Asomáronse las dos señoras y vieron que en la parte baja de la calle, cerca de la esquina de la de San Carlos, había un gran corrillo que a cada momento engrosaba más.

—Hay un
cadávere
difunto allí en mitad de la gente» gritó Papitos que tenía medio cuerpo fuera del balcón.

—Yo veo un bulto tendido en el suelo —dijo Doña Lupe—. ¿Ves tú algo?... Será algún borracho. Pero observa qué multitud se va reuniendo. Como que los coches no pueden pasar... Y mira qué policías estos. Ni para un remedio.

—Señora, mándeme por los fideos... Ya sabe que no hay... —dijo la mona.

—Vamos... lo que tú quieres es curiosear...

—Mándeme —repitió la chiquilla dando brincos entre risueña y suplicante.
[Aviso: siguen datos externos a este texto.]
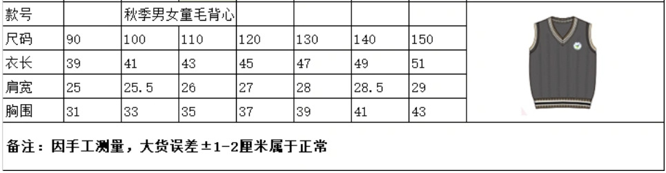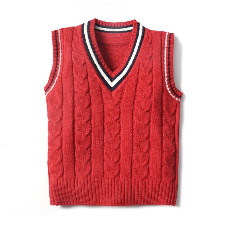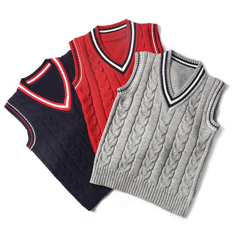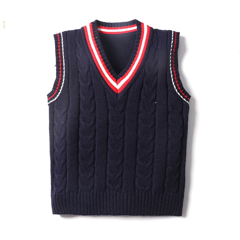 가을 겨울 한국식 아동 모직 조끼, 남녀 니트 조끼, 교복, 브이넥 스웨터, 캐미솔, 유치원 교복

—Pues anda —dijo Doña Lupe, que aquel día estaba de buen humor—; si no sales te vas a caer por el balcón. Pero ven prontito... y ten cuidado de limpiarte bien los pies en los felpudos que hay en la portería, porque hay muchos barros... Mira cómo pusiste la alfombra cuando volviste de avisar al carbonero.

Salió Papitos más pronta que la vista, y estuvo fuera como unos veinte minutos. Su ama la vio entrar en la casa y fue a abrirle la puerta...

—¿Te has restregado bien las patas?

—Sí señora... mire.

—Ahora aquí otra vez... ¿Sabes lo que debes hacer siempre que subes?, refregarte bien en el limpia—barros del vecino, en ese que está ahí.

—¿En este? —dijo la mona, bailando el zapateado en el limpia—barros del cuarto de la izquierda.

—Porque todos los pisotones de menos que le demos al nuestro, eso vamos ganando.

—¿Sabe, señora, sabe?... —agregó Papitos, que a pesar de venir sofocada de tanto correr, seguía bailoteando en el felpudo ajeno—. ¿No sabe lo que hay allí? Es una mujer que parece está bebida; pero muy bebida... ¿Y no acierta quién es?, la señá Mauricia.

—¿Pero oyes, mujer, has oído? —dijo Doña Lupe desde el pasillo volviendo a la sala—. Mauricia... borracha... ahí tienes lo que reúne tantísima gente.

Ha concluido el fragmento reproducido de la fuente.